Спрашиваю у прохожих. Отвечают:

— Вчера произошла Октябрьская революция.

(Жертва революции)

Вчера (заметьте: уже целый день прошел) произошло такое великое историческое событие в жизни всего народа, а он этого даже и не заметил. Ну, совершенно как Шикалов у Войновича.

Шикалов, правда, и на другой день ничего не заметил. И даже двадцать с лишним лет спустя категорически отрицал, будто в 1917 году, в бытность его «в Петербурде», там произошло нечто подобное.

Это уж, конечно, совершеннейший абсурд!

Октябрьская революция имела такие серьезные последствия, так повлияла на жизнь всех людей, что не заметить ее было невозможно. Но опять-таки как поглядеть на это дело. Для Шикалова-то ведь ничего не изменилось. Он и раньше, до революции, был «с ружжом». И после революции опять был «с ружжом». Следовательно, как раньше, до революции, урезонивал «фулюганов», так и после революции, судя по всему, занимался тем же. А то, что раньше эти «фулюганы» писали на тряпочках «Долой царя!» или, скажем, «Вся власть Учредительному собранию!», а потом стали писать «Долой Ленина!» или «Долой Сталина!» — это дела не меняет. Такие люди, как Шикалов, не придают большого значения словам. И совершенно правильно делают.

Трагедия интеллигента в том, что он чересчур большое значение придает словам. В жизни интеллигента слишком большую роль играет так называемая вторая сигнальная система. Поэтому интеллигент легко может впасть в состояние, которое академик И.П. Павлов называл «парадоксальным».

У нас находится на излечении больная с чрезвычайно расслабленной нервной системой. Когда ей показывают красный цвет и говорят, что это не красный цвет, а зеленый, она с этим соглашается и заявляет, что, всмотревшись внимательно, она действительно убедилась, что это не красный, а зеленый цвет. Чем это объяснить? Академик Павлов говорит, — парадоксальным состоянием. При нем теряется реакция на сильный возбудитель. Действительность, действительный красный или иной цвет — это сильный возбудитель. А слова: красный, зеленый и т. д. — это слабые возбудители того же рода. При болезненной нервной системе, при ее парадоксальном состоянии теряется восприимчивость к действительности, а остается восприимчивость только к словам. Слово начинает заменять действительность. В таком состоянии, по мнению академика Павлова, находится сейчас все русское население.

(Н.А. Гредескул)

Кое-какие основания для такого обобщения у академика Павлова, конечно, были. И все же, мне кажется, этот его вывод содержит некоторое преувеличение.

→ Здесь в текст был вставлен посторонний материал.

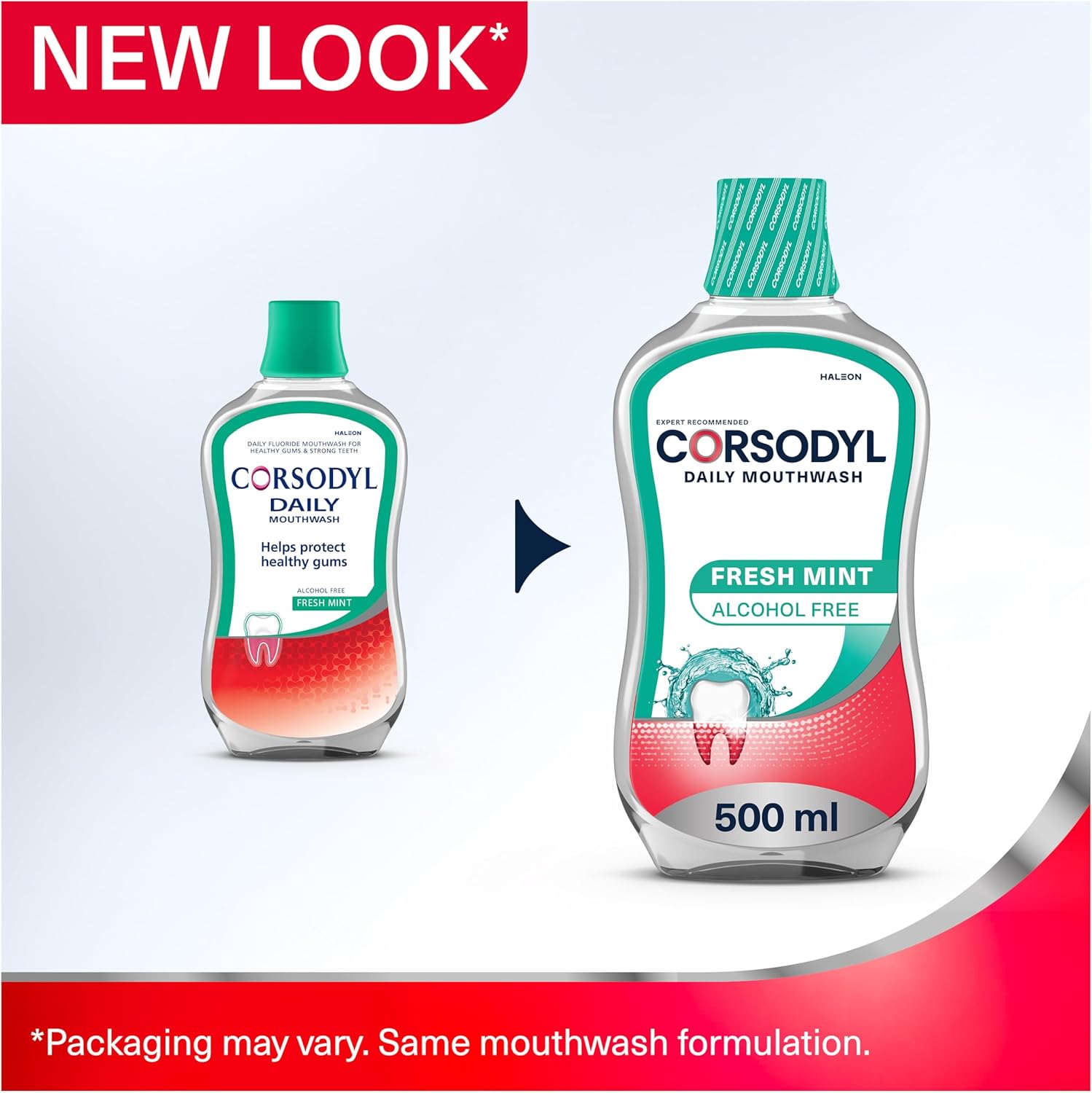Gum problems can be caused by the build-up of plaque bacteria and if left untreated, can affect your oral health. Such bacteria build up on and around your teeth can also lead to bad breath. Corsodyl Fresh Mint Daily Mouthwash contains 0.06 Percent chlorhexidine to help reduce bad breath bacteria.Corsodyl Fresh Mint Daily Mouthwash provides 24-hour gum protection against plaque build-up. It is clinically proven to reduce plaque and also helps to remove more plaque than brushing alone and helps prevent further build up. Used every day it helps protect teeth from plaque that can cause gum disease.Corsodyl Fresh Mint Daily Mouthwash contains 0.06 Percent chlorhexidine which helps to reduce bacteria which causes bad breath. It also contains fluoride to strengthen teeth and help prevent cavities.When used twice daily in combination with tooth brushing. (1)When used twice daily in combination with tooth brushing.

Все-таки, если верить художественной литературе (а как ей не верить, если она действительно художественная? Ведь если художественная, значит, открывает правду), — так вот, если верить художественной литературе, в России всегда оставалось немало людей, условные рефлексы которых были координированы не со словами, а прямо и непосредственно — с действительностью.

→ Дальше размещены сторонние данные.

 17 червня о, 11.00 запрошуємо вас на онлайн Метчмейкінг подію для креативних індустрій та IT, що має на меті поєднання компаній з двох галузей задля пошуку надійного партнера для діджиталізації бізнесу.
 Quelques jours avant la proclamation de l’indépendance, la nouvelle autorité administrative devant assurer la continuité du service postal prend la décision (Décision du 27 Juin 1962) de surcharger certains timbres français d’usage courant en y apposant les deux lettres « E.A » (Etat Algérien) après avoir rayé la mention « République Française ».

Эти люди усвоили, впитали в себя огромный исторический опыт деспотического государства. Причем, в отличие от интеллигентов, они усвоили его не умозрительно, не через слова. Как выразился однажды по сходному поводу А.Н. Толстой, — «не умом, а поротой задницей».

Зощенко был не единственным (и даже не первым) русским писателем, который стал изображать человека, воспринимающего действительность не умом, а поротой задницей. Старая русская литература изобразила эту фигуру достаточно убедительно и зримо, с большим, казалось бы, знанием предмета. Открытие Зощенко состояло в том, что изображаемый им человек, инстинктивно признающий палачество неотъемлемой, естественной и законной частью жизни, одинаково приспособлен и к тому, чтобы стать жертвой, и к тому, чтобы самому стать палачом.

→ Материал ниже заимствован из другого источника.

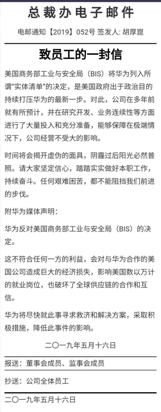 然而,近兩天內(nèi)被曝光的華為公司兩封內(nèi)部信件卻顯示,華為早有準(zhǔn)備。

Согбенность, раболепство, подобострастие, заискивающая, трогательно беспомощная интонация покорного приятия любого свинства и хамства — все это удивительным образом уживается в нем с наглостью, бесцеремонностью, хамством, готовностью в любой момент из несчастного, загнанного и придавленного жизнью раба превратиться в держиморду.

Старая русская литература великолепно изобразила фигуру этого темного, забитого, несчастного существа. Может даже показаться, что она изобразила его глубоко и всесторонне. Но, как выяснилось, она не исчерпала его сущность. Она неизменно изображала его как фигуру страдательную. (Так, например, Чехов изобразил своего «злоумышленника» — безропотного, тупого, не умеющего понять свою вину, так и не понявшего, за что его судят.)

Наряду с этим старая русская литература изобразила и других людей: держиморд, унтеров Пришибеевых. Но они в ее изображении казались сделанными совсем из другого теста.

Около одиннадцати часов поезд остановился на станции Антреа, и мы вышли закусить. Длинный стол был уставлен горячими кушаньями и холодными закусками. Тут была свежая лососина, жареная форель, холодный ростбиф, какая-то дичь, маленькие, очень вкусные биточки и тому подобное...

Каждый подходил, выбирал, что ему нравилось, закусывал, сколько ему хотелось, затем подходил к буфету и по собственной доброй воле платил за ужин ровно одну марку...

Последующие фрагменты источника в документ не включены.